The weighted support of an itemset is the sum of the weights of the transactions that contain the itemset. An itemset is frequent if its weighted support is equal to or greater than the threshold specified by support (assuming that the weights, sum is equal to one).
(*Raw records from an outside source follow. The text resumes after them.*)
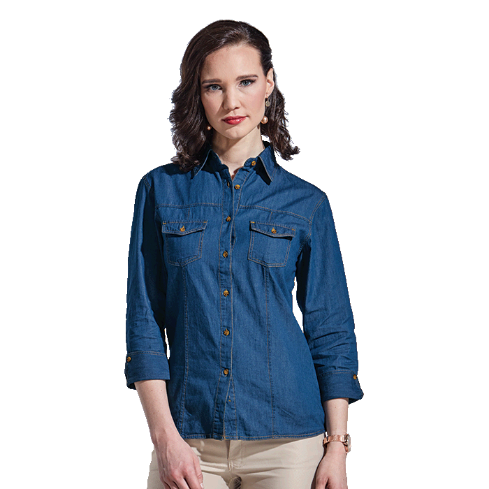 The Ladies Denver Denim Blouse is made from 100% Cotton dark denim fabric, 5 Oz. The features include a shaped hem for a flattering look, two-tone buttons, matching ladies denim blouse, patch pocket with flaps at the chest, constructed button stand, contrast top stitching, double layer back yoke, front and back panel lines, ¾ sleeve styling and turn-up cuffs. Regular fit.
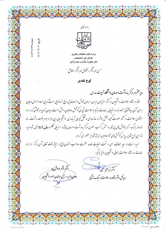 در سیزدهمین گردهمایی مدیران مراکز بهداشت و درمان دانشگاه‌های سراسر کشور که ۵ تا ۷ اردیبهشت ماه سال جاری در دانشگاه سیستان و بلوچستان برگزار شد، مرکز سلامت و بهداشت دانشگاه تربیت مدرس به عنوان مرکز برتر (در گروه جمعیتی ۵ تا ۱۰ هزار دانشجو) در ارزیابی سال ۱۴۰۲ انتخاب و معرفی شد.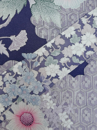 破れ格子地に変わり枝花紋模様暈し染め【スリットワンピース】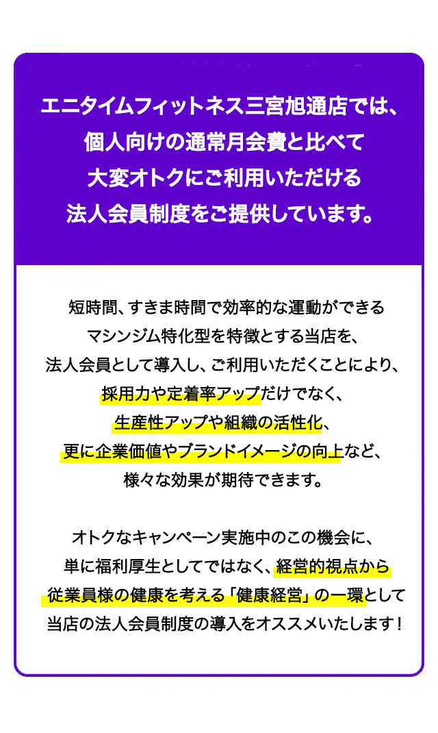 はい、ご利用いただけます。ただし、一定期間内に契約店舗以外の利用頻度が多くなると、 所属店が変更(移籍)となります。この場合、法人会員サービスの割引適用外となるため、 注意して頂く必要がございます。移籍制度については担当から詳しく案内をさせて頂きます。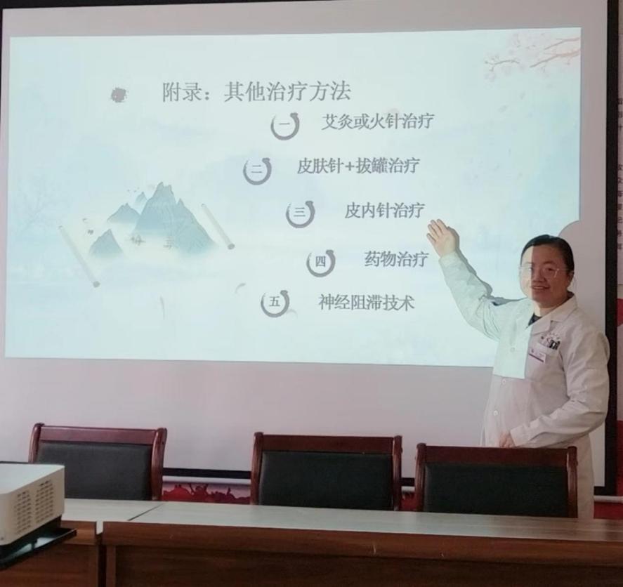称多县人民医院是称多地区规模最大、学科最全的综合性医院,承担医疗、教学、科研、预防保健任务。医院高度重视医务人员的教学教育工作,青海省内派出的青南支医队员和北京市派出的援青医疗队员都会针对本院的医护人员开展专业技术的培训讲座,为高原留下一支带不走的医疗队。韦薇大夫通过诊疗患者的临床经验和跟本地医护人员交流,认为当地许多患者罹患慢性疼痛,慢性疼痛的病因多为各种骨关节病和带状疱疹等。因此她特地在培训中向医护人员讲解,不能只用止痛药“头痛医头脚痛医脚”,哪些疾病采用中藏医治疗具有优势,具体采用哪些中藏医治疗手段等,从而开拓医护人员的视野,提高他们对疾病的认识,为高原的医疗事业发展做贡献。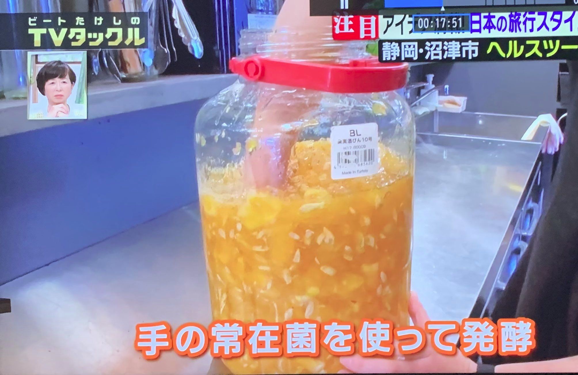 在日本播出超過30年的長壽綜藝節目《北野武的TV擒抱》,以邀請各方專家來分析生活中的科學現象為主軸。近日節目介紹一間來自靜岡縣的飯店──AWA西伊豆,該飯店標榜「用手指攪拌」的酵素果汁,員工於攝影機前說明,果汁透過自家生產的酵素糖漿,以及人體手上的細菌發酵結合後,泡澡前15分鐘飲用效果最佳,還能夠為人體帶來排毒的功效。
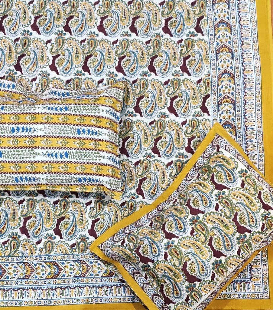 Handblock Printed Double Bedsheets with 2 Pillow Covers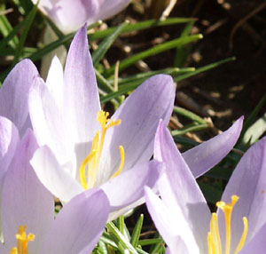 Crocus tommasinianus Herb. has lilac to purple flowers and is native to Croatia, Serbia, Bosnia, Montenegro, Bulgaria and Hungary where it grows in woods and shady hillsides and blooms in winter. Height range: 7-10 cm. The plants in the first three photos photographed by Kelly Irvin are naturalizing and growing well. The second is a close-up and the last a lighter colored clump. Photo 4 by Dell Sherk shows a sport that appeared in his garden and has extra petals, 8 or 9.

With this new definition, you can see now that low support times established by the old definition of support, if present in high value transactions, will be included. We have automatically taken care of our retailer's request to include high margin items while inducing the rules. Once again, for better reading, we create a data frame where each row is the frequent itemset generated, and a column to indicate the head(weclat.itemsets.df)support value:

  weclat.itemsets support
1 {Bag of Organic Bananas,Organic Kiwi} 0.01041131
2 {Bag of Organic Bananas,Organic D'Anjou Pears} 0.01042194
3 {Bag of Organic Bananas,Organic Whole String Cheese} 0.01034432
4 {Organic Baby Spinach,Organic Small Bunch Celery} 0.01039107
5 {Bag of Organic Bananas,Organic Small Bunch Celery} 0.01109455
6 {Banana,Seedless Red Grapes} 0.01274448
tail(weclat.itemsets.df)
  weclat.itemsets support
77 {Banana,Organic Hass Avocado} 0.02008700
78 {Organic Baby Spinach,Organic Strawberries} 0.02478094
79 {Bag of Organic Bananas,Organic Baby Spinach} 0.02743582
80 {Banana,Organic Baby Spinach} 0.02967578
81 {Bag of Organic Bananas,Organic Strawberries} 0.03626149
82 {Banana,Organic Strawberries} 0.03065132

In the case of apriori, we used the same function to generate/induce the rules. However, in the case of weighted association rule mining, we need to call the ruleInduction function to generate rules. We pass the frequent itemsets from the previous step, the transactions object, and finally the confidence threshold. Once again, for our convenience, we create a data frame with the list of all the rules that are induced and their interest measures:

weclat.rules <- ruleInduction(weclat.itemsets, transactions.obj, confidence = 0.3)
weclat.rules.df <-data.frame(weclat.rules = labels(weclat.rules)
, weclat.rules@quality)
head(weclat.rules.df)
  rules support confidence lift itemset
1 {Organic Kiwi} => {Bag of Organic Bananas} 0.01016027 0.3879781 2.388715 1
3 {Organic D'Anjou Pears} => {Bag of Organic Bananas} 0.01001717 0.3846154 2.368011 2
5 {Organic Whole String Cheese} => {Bag of Organic Bananas} 0.00930166 0.3250000 2.000969 3
11 {Seedless Red Grapes} => {Banana} 0.01302232 0.3513514 1.686293 6
13 {Organic Large Extra Fancy Fuji Apple} => {Bag of Organic Bananas} 0.01445335 0.3825758 2.355453 7
15 {Honeycrisp Apple} => {Banana} 0.01617058 0.4248120 2.038864 8

Finally, let's use the plot.graph function to view the new set of interesting item associations:

Our new recommendation now includes some of the rare items. It is also sensitive to the profit margin of individual transactions. With these recommendations, the retailer is geared toward increasing his profitability through the cross-selling campaign.